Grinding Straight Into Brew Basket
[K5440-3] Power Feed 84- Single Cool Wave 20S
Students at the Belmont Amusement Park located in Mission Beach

...

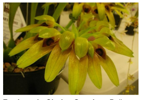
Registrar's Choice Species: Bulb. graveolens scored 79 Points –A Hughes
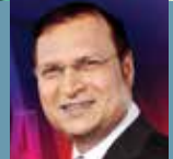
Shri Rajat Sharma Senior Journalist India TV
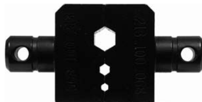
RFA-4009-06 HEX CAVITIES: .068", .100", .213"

> **WORK TASK**
Among the entries above, the lines between the ones containing "Grinding Straight Into Brew Basket" and "Students at the", inclusive, are to be transcribed exactly. No other line is to be given.

> **OUTPUT FOR THIS TASK**
Grinding Straight Into Brew Basket
[K5440-3] Power Feed 84- Single Cool Wave 20S
Students at the Belmont Amusement Park located in Mission Beach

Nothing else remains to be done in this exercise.